The listing below is to be written out word for word, minus its images.

- [Provided data]
───
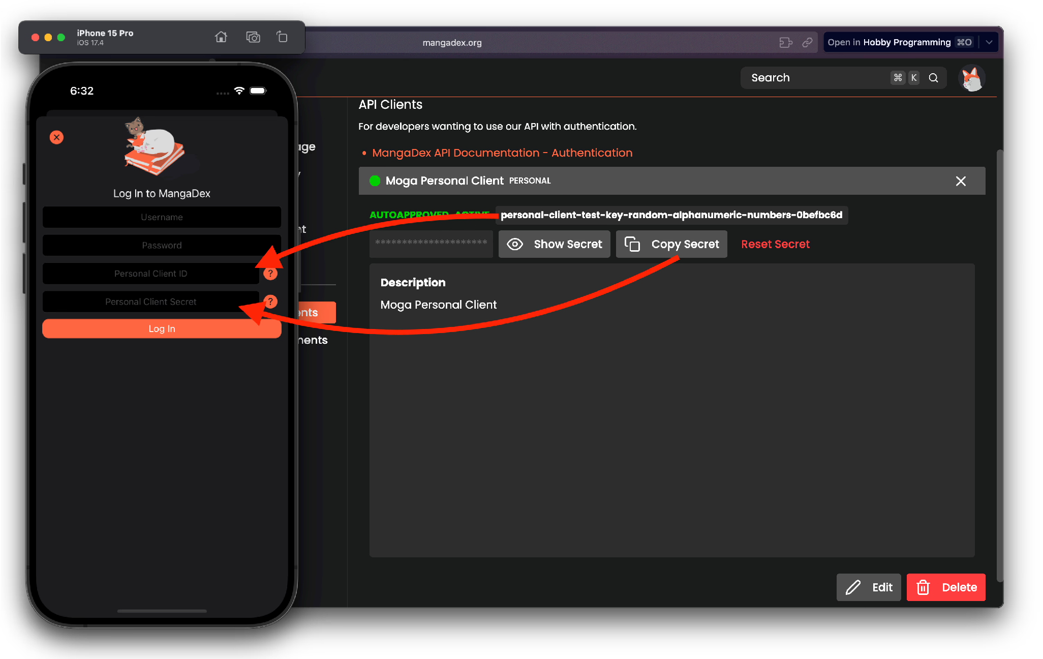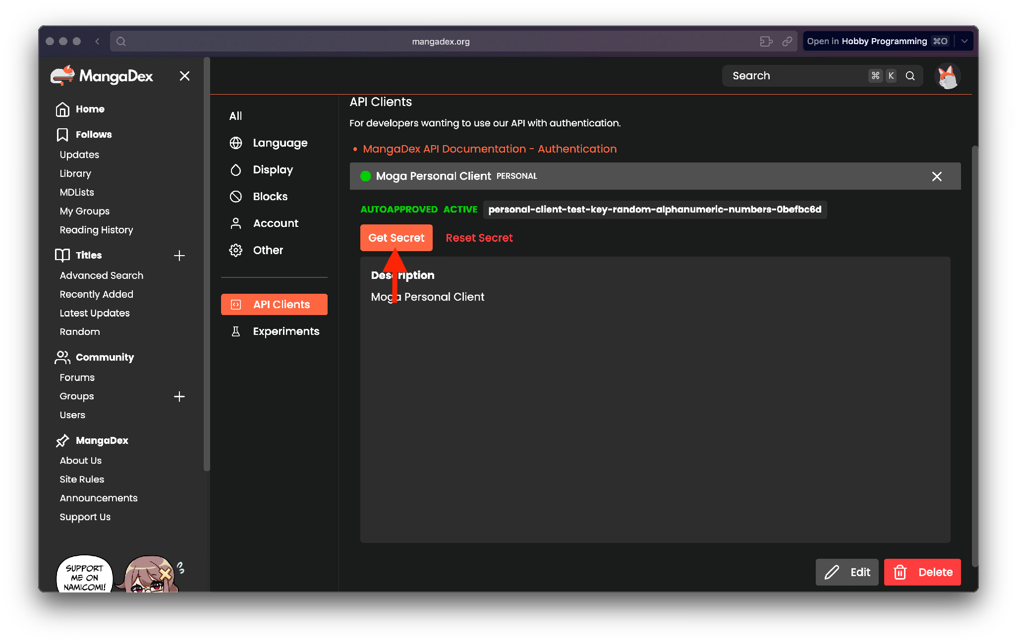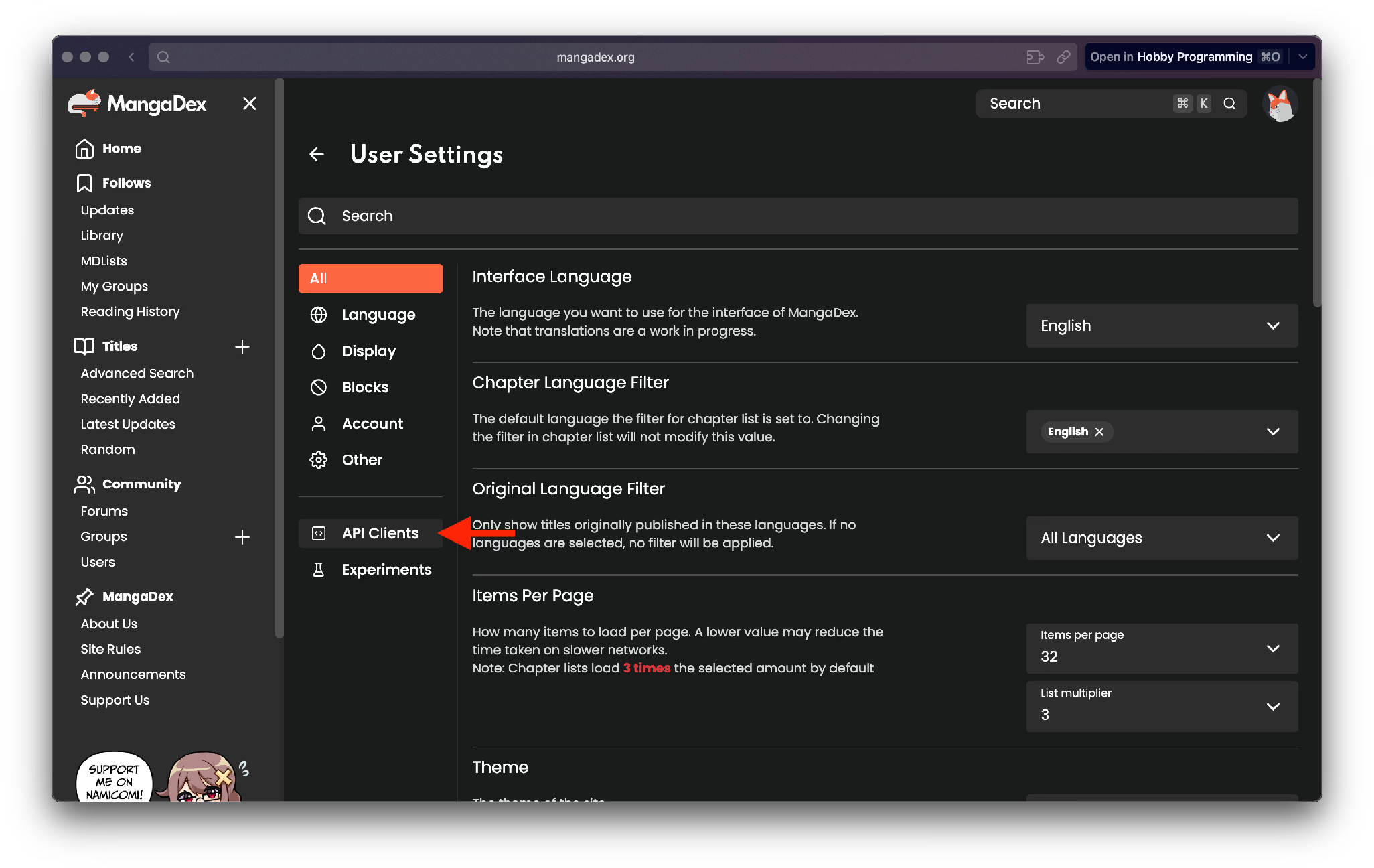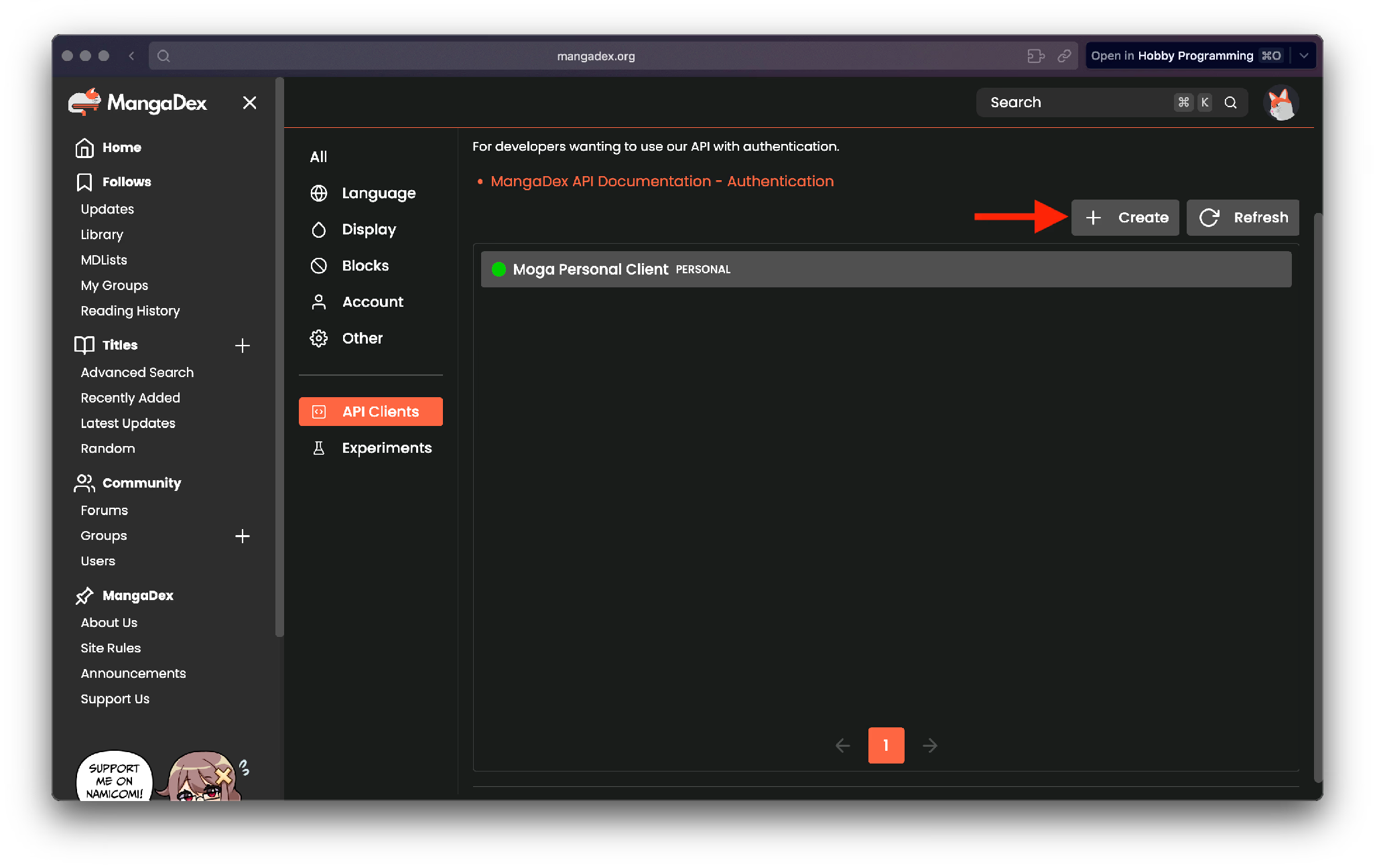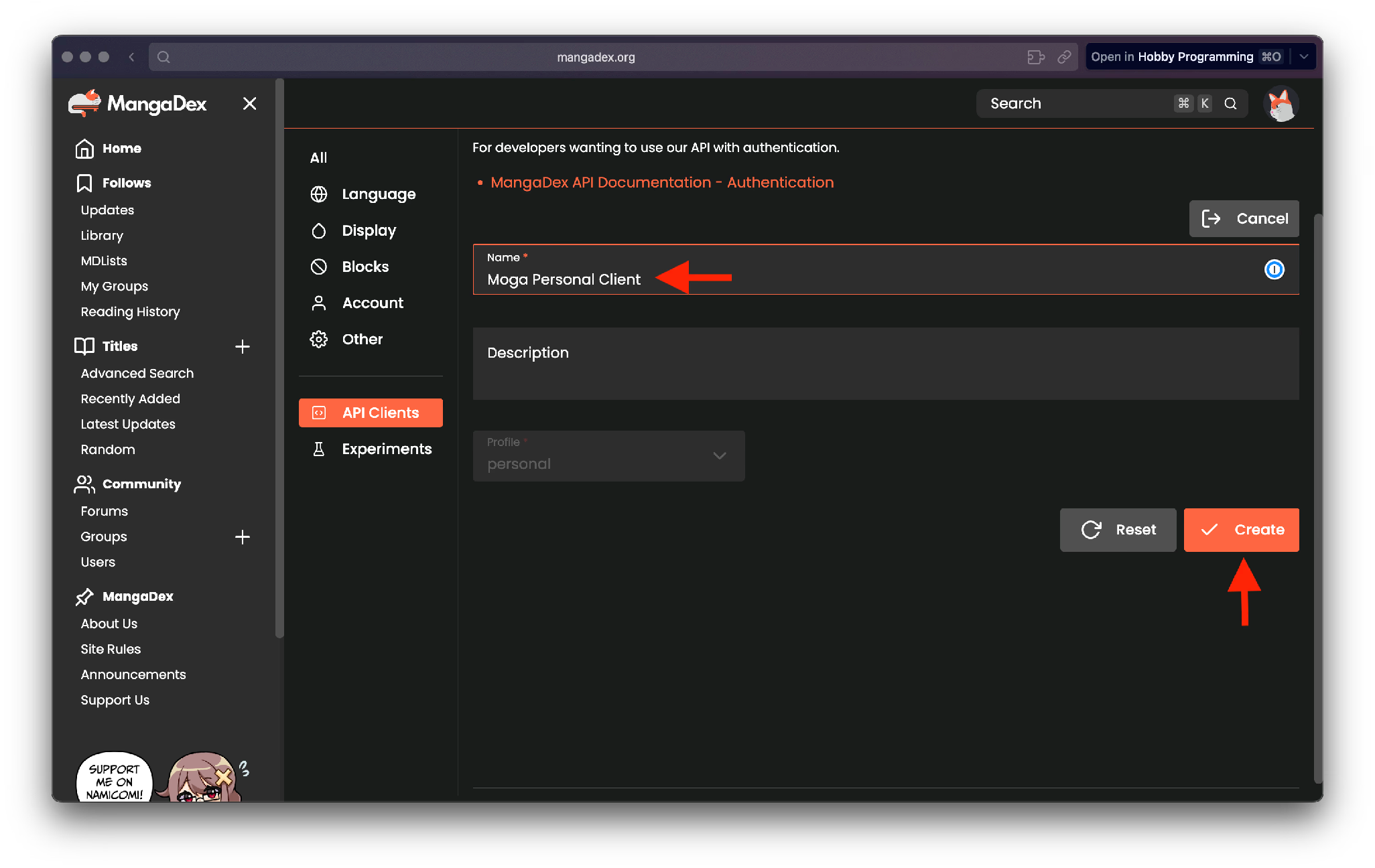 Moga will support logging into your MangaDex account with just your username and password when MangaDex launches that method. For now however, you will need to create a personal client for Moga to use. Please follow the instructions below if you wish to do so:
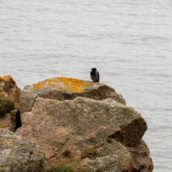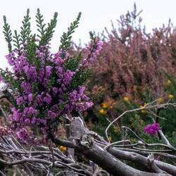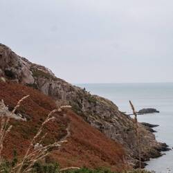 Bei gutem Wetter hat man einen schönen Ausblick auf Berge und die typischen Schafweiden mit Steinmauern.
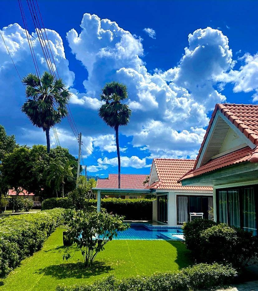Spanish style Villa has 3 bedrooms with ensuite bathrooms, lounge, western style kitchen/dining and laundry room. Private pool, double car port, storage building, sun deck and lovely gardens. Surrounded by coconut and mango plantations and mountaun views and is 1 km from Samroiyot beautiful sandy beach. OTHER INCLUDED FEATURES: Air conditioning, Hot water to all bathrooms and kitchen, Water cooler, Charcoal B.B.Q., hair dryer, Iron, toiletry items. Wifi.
───
- [Solution to the exercise]
 Moga will support logging into your MangaDex account with just your username and password when MangaDex launches that method. For now however, you will need to create a personal client for Moga to use. Please follow the instructions below if you wish to do so:
 Bei gutem Wetter hat man einen schönen Ausblick auf Berge und die typischen Schafweiden mit Steinmauern.
Spanish style Villa has 3 bedrooms with ensuite bathrooms, lounge, western style kitchen/dining and laundry room. Private pool, double car port, storage building, sun deck and lovely gardens. Surrounded by coconut and mango plantations and mountaun views and is 1 km from Samroiyot beautiful sandy beach. OTHER INCLUDED FEATURES: Air conditioning, Hot water to all bathrooms and kitchen, Water cooler, Charcoal B.B.Q., hair dryer, Iron, toiletry items. Wifi.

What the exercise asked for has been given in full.